WORK REQUEST = Give a verbatim copy of the data, leaving the pictures out.

RAW DATA =
::::::
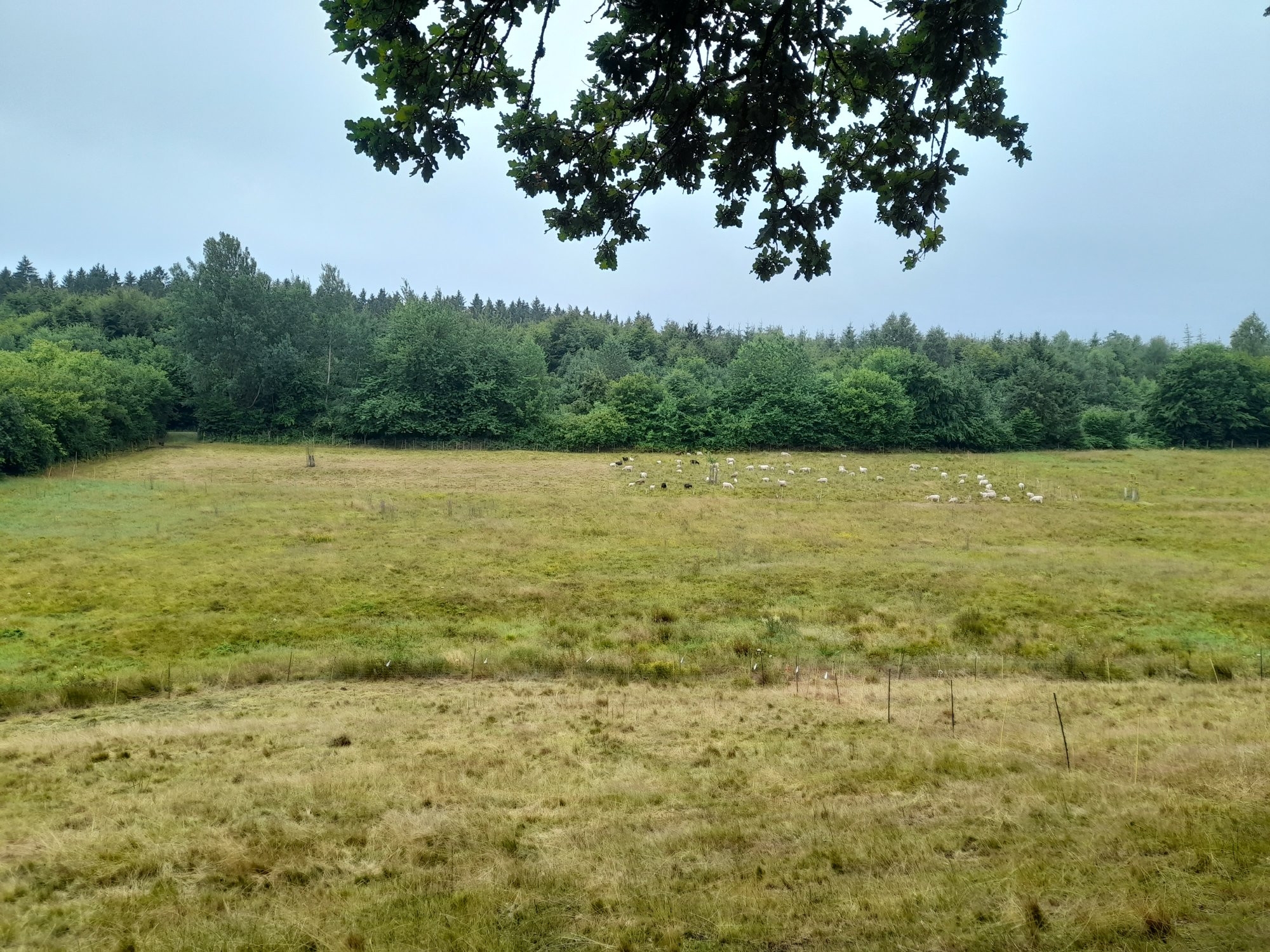 Bild: Da sieht man die Menge ganz gut. Sie stehen so eng, weil da frisch dazu gezäunt wurde. Zum Widerkäuen verteilen sie sich mehr. Witzig immer wieder, dass sie sich nach Farben, sprich Rassen aufteilen. Und dass sich dieses mal die Skudden nicht die Butter vom Brot nehmen lassen. Selbstbewusste Zibben. Ich liebe sie.
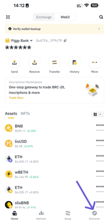 Log in to your Binance app and click on the “Wallets” section. Go to “Web3”.
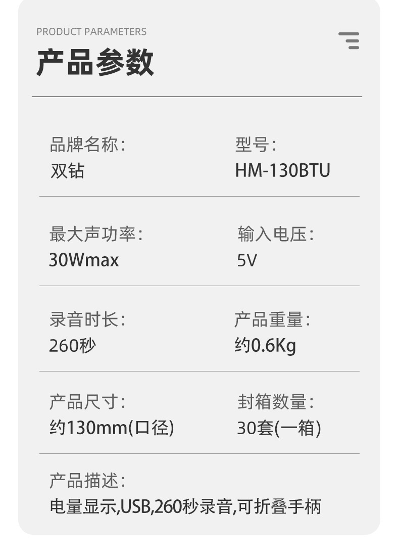 ![]() | Bluetooth model - supports tf card, u disk, bluetooth playback (with 2 lithium batteries + charging cable) | Gray plus white | ¥24.0 / ≈ 290 ₽ | 8467 | 5878326357200 | |
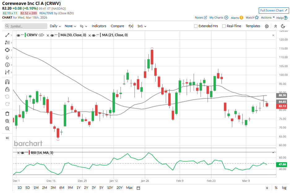 CoreWeave (CRWV) continues to deliver strong top-line growth, driven by rising demand for artificial intelligence (AI) infrastructure. As hyperscalers and AI developers invest in high-performance computing resources, the company’s cloud platform, optimized for accelerated computing, remains well-positioned to capture this expanding market. Despite these favorable demand dynamics, CRWV stock currently trades approximately 57% below its 52-week high of $187. This reflects investor concerns around profitability and the company’s significant increase in capital expenditures. As Meta Stock Dips Near $600 Levels Should You Buy or Stay on the Sidelines? Massive Meta Platforms Layoffs Could Be Coming. Why Did META Stock Gain on the News? SoFi Stock Is on Fire Sale, But Is It Too Cheap to Buy Here? Markets move fast. Keep up by reading our FREE midday Barchart Brief newsletter for exclusive charts, analysis, and headlines. CoreWeave is experiencing strong demand across a diversified customer base, including hyperscalers, enterprises, and AI-native firms. As AI models become more complex and adoption accelerates, the need for CoreWeave’s GPU-intensive infrastructure continues to expand. The company’s strong financial performance reflects this momentum. In 2025, CoreWeave generated more than $5.1 billion in revenue, representing a 168% year-over-year (YOY) increase. Its contracted revenue backlog rose to $66.8 billion, marking significant growth. At the same time, active power capacity exceeded 850 megawatts (MWs), reflecting CoreWeave’s expanding infrastructure footprint. Customer engagement trends further support CoreWeave’s growth trajectory. The number of customers committing at least $1 million in annual spending on CoreWeave’s platform jumped 150% in 2025. In addition, customers are increasingly adopting multi-product solutions, a shift that enhances revenue potential while strengthening long-term customer relationships. CoreWeave is expanding its product portfolio through organic development and strategic acquisitions, while simultaneously strengthening its platform capabilities. The company is positioning itself as an integrated provider, allowing customers to operate seamlessly across compute, storage, software, and development tools within a unified environment. This multi-product approach is beginning to show measurable traction. A growing share of high-value customers is adopting services beyond CoreWeave’s core GPU infrastructure, with storage solutions emerging as a key area of uptake. In parallel, cross-selling efforts are contributing meaningfully to overall growth, indicating increased customer engagement and higher lifetime value per client. Looking ahead, CoreWeave is evaluating additional monetization opportunities, including expanding its cloud offerings beyond its owned data-center footprint into a broader ecosystem. With a substantial portion of its 2026 capacity already committed, the company’s near-term priority is to scale its infrastructure to meet both immediate demand and longer-term growth requirements. Despite its strong growth outlook, CoreWeave’s aggressive investment strategy is putting near-term margins under pressure. The company is rapidly expanding its infrastructure to meet rising demand, a move that requires significant capital deployment. CoreWeave has indicated that capital expenditures for 2026 are expected to reach at least $30 billion, representing a more than twofold increase compared with 2025 spending levels. Although this elevated investment is aimed at supporting long-term growth and enabling access to higher-margin opportunities, it is likely to constrain short-term profitability and may limit near-term upside in CRWV stock. Wall Street analysts currently maintain a “Moderate Buy” consensus rating on CoreWeave. While the company is set to benefit from strong structural demand and execution on growth initiatives, concerns around capital intensity and margin compression are why a few analysts are not endorsing CRWV stock. CoreWeave has an average price target of $118.17, implying potential upside of about 46% from current levels. CoreWeave is capitalizing on one of the most significant technological shifts of this decade as demand for AI infrastructure continues to accelerate. For investors with a long-term horizon, the recent pullback in CRWV stock presents an opportunity to gain exposure to this structural growth trend. CoreWeave is well-positioned in a rapidly expanding AI infrastructure market, supported by strong demand dynamics, sustained revenue growth, and deepening customer engagement. These factors strengthen a constructive long-term outlook for the stock. At the same time, CoreWeave’s capital-intensive business model introduces near-term risks. Elevated capex requirements may weigh on profitability and contribute to volatility in stock performance. As a result, more conservative investors may prefer to wait for more visibility into the company’s path to sustainable profitability. On the date of publication, Amit Singh did not have (either directly or indirectly) positions in any of the securities mentioned in this article. All information and data in this article is solely for informational purposes. This article was originally published on Barchart.com
::::::
ANSWER TO THIS TASK =
 Bild: Da sieht man die Menge ganz gut. Sie stehen so eng, weil da frisch dazu gezäunt wurde. Zum Widerkäuen verteilen sie sich mehr. Witzig immer wieder, dass sie sich nach Farben, sprich Rassen aufteilen. Und dass sich dieses mal die Skudden nicht die Butter vom Brot nehmen lassen. Selbstbewusste Zibben. Ich liebe sie.
 Log in to your Binance app and click on the “Wallets” section. Go to “Web3”.
 ![]() | Bluetooth model - supports tf card, u disk, bluetooth playback (with 2 lithium batteries + charging cable) | Gray plus white | ¥24.0 / ≈ 290 ₽ | 8467 | 5878326357200 | |
 CoreWeave (CRWV) continues to deliver strong top-line growth, driven by rising demand for artificial intelligence (AI) infrastructure. As hyperscalers and AI developers invest in high-performance computing resources, the company’s cloud platform, optimized for accelerated computing, remains well-positioned to capture this expanding market. Despite these favorable demand dynamics, CRWV stock currently trades approximately 57% below its 52-week high of $187. This reflects investor concerns around profitability and the company’s significant increase in capital expenditures. As Meta Stock Dips Near $600 Levels Should You Buy or Stay on the Sidelines? Massive Meta Platforms Layoffs Could Be Coming. Why Did META Stock Gain on the News? SoFi Stock Is on Fire Sale, But Is It Too Cheap to Buy Here? Markets move fast. Keep up by reading our FREE midday Barchart Brief newsletter for exclusive charts, analysis, and headlines. CoreWeave is experiencing strong demand across a diversified customer base, including hyperscalers, enterprises, and AI-native firms. As AI models become more complex and adoption accelerates, the need for CoreWeave’s GPU-intensive infrastructure continues to expand. The company’s strong financial performance reflects this momentum. In 2025, CoreWeave generated more than $5.1 billion in revenue, representing a 168% year-over-year (YOY) increase. Its contracted revenue backlog rose to $66.8 billion, marking significant growth. At the same time, active power capacity exceeded 850 megawatts (MWs), reflecting CoreWeave’s expanding infrastructure footprint. Customer engagement trends further support CoreWeave’s growth trajectory. The number of customers committing at least $1 million in annual spending on CoreWeave’s platform jumped 150% in 2025. In addition, customers are increasingly adopting multi-product solutions, a shift that enhances revenue potential while strengthening long-term customer relationships. CoreWeave is expanding its product portfolio through organic development and strategic acquisitions, while simultaneously strengthening its platform capabilities. The company is positioning itself as an integrated provider, allowing customers to operate seamlessly across compute, storage, software, and development tools within a unified environment. This multi-product approach is beginning to show measurable traction. A growing share of high-value customers is adopting services beyond CoreWeave’s core GPU infrastructure, with storage solutions emerging as a key area of uptake. In parallel, cross-selling efforts are contributing meaningfully to overall growth, indicating increased customer engagement and higher lifetime value per client. Looking ahead, CoreWeave is evaluating additional monetization opportunities, including expanding its cloud offerings beyond its owned data-center footprint into a broader ecosystem. With a substantial portion of its 2026 capacity already committed, the company’s near-term priority is to scale its infrastructure to meet both immediate demand and longer-term growth requirements. Despite its strong growth outlook, CoreWeave’s aggressive investment strategy is putting near-term margins under pressure. The company is rapidly expanding its infrastructure to meet rising demand, a move that requires significant capital deployment. CoreWeave has indicated that capital expenditures for 2026 are expected to reach at least $30 billion, representing a more than twofold increase compared with 2025 spending levels. Although this elevated investment is aimed at supporting long-term growth and enabling access to higher-margin opportunities, it is likely to constrain short-term profitability and may limit near-term upside in CRWV stock. Wall Street analysts currently maintain a “Moderate Buy” consensus rating on CoreWeave. While the company is set to benefit from strong structural demand and execution on growth initiatives, concerns around capital intensity and margin compression are why a few analysts are not endorsing CRWV stock. CoreWeave has an average price target of $118.17, implying potential upside of about 46% from current levels. CoreWeave is capitalizing on one of the most significant technological shifts of this decade as demand for AI infrastructure continues to accelerate. For investors with a long-term horizon, the recent pullback in CRWV stock presents an opportunity to gain exposure to this structural growth trend. CoreWeave is well-positioned in a rapidly expanding AI infrastructure market, supported by strong demand dynamics, sustained revenue growth, and deepening customer engagement. These factors strengthen a constructive long-term outlook for the stock. At the same time, CoreWeave’s capital-intensive business model introduces near-term risks. Elevated capex requirements may weigh on profitability and contribute to volatility in stock performance. As a result, more conservative investors may prefer to wait for more visibility into the company’s path to sustainable profitability. On the date of publication, Amit Singh did not have (either directly or indirectly) positions in any of the securities mentioned in this article. All information and data in this article is solely for informational purposes. This article was originally published on Barchart.com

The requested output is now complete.